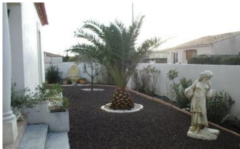
Front of villa
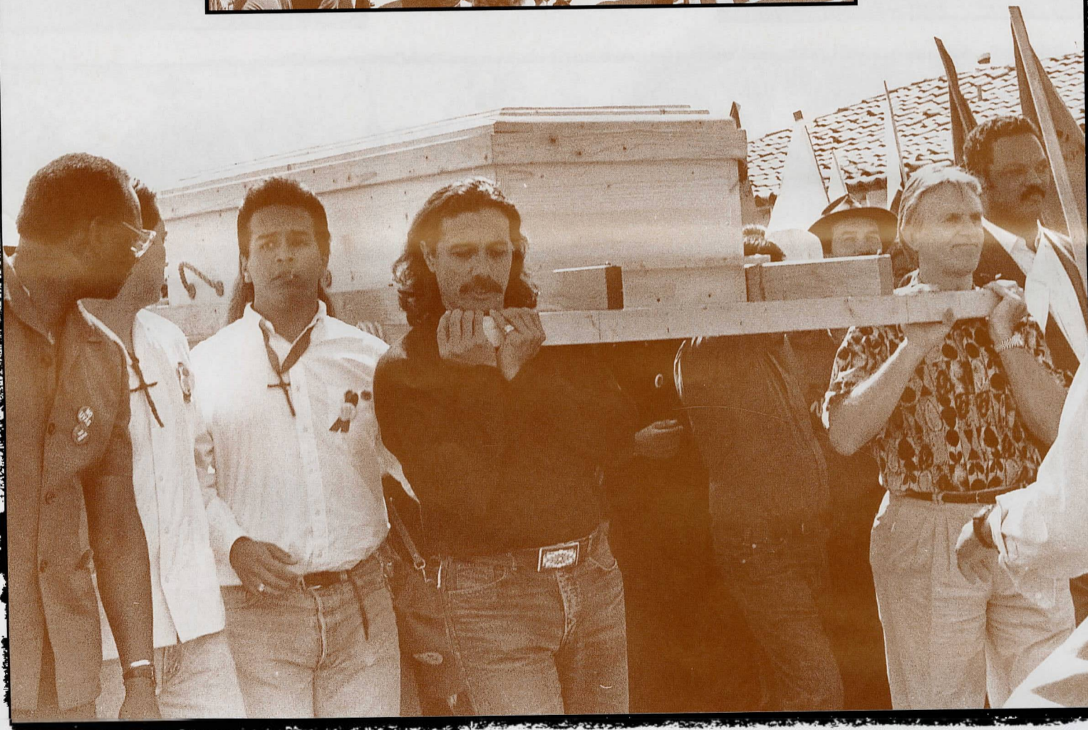
15 Some of the roughly 50,000 people who marched behind Cesar Chavez' casket at his funeral on April 29, 1993 in Delano.
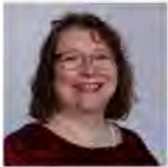
Clare Adamson Scottish National Party
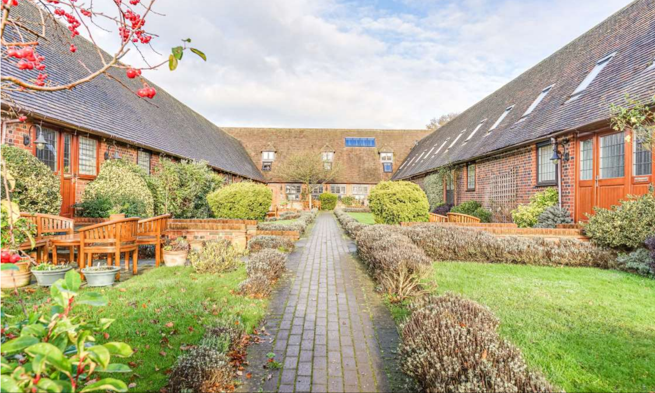
Ladygrove Mews | Preston Hitchin, Hertfordshire | SG4 7SA
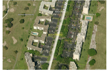
Built in 1969 - 84 units - 3 floors

BOCA TEECA CONDOMINIUM NO. 2, INC. OXYGEN ASSOCIATION SERVICES INC 2801 N UNIVERSITY DR STE 204 CORAL SPRINGS FL 33065 WWW.OXYGENASSOCIATIONSERVICES.COM
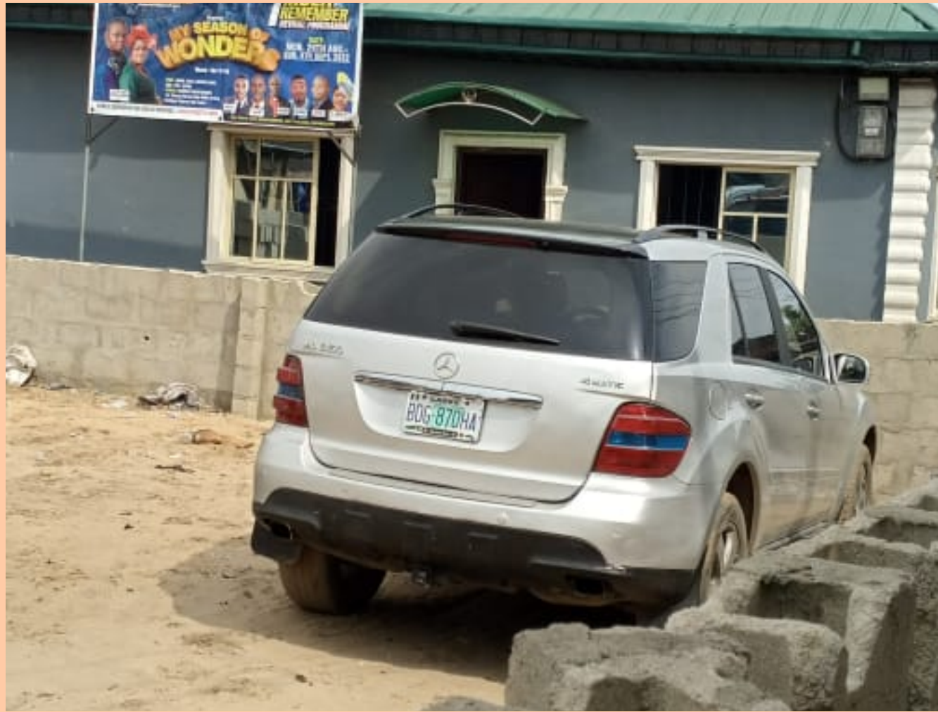
Chapel of Praise & Prayer Ministry Int. Inc 18 Church street, VOLKS BUS STOP, OJO
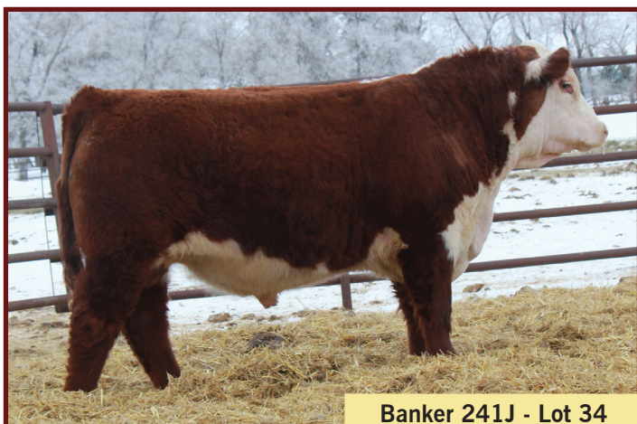
Banker 241J - Lot 34
────────────────────────────────────────
- **Problem to work on**:
Each record must appear again exactly as written above, without its pictures.

- **Answer box**:
Front of villa
15 Some of the roughly 50,000 people who marched behind Cesar Chavez' casket at his funeral on April 29, 1993 in Delano.
Clare Adamson Scottish National Party
Ladygrove Mews | Preston Hitchin, Hertfordshire | SG4 7SA
Built in 1969 - 84 units - 3 floors

BOCA TEECA CONDOMINIUM NO. 2, INC. OXYGEN ASSOCIATION SERVICES INC 2801 N UNIVERSITY DR STE 204 CORAL SPRINGS FL 33065 WWW.OXYGENASSOCIATIONSERVICES.COM
Chapel of Praise & Prayer Ministry Int. Inc 18 Church street, VOLKS BUS STOP, OJO
Banker 241J - Lot 34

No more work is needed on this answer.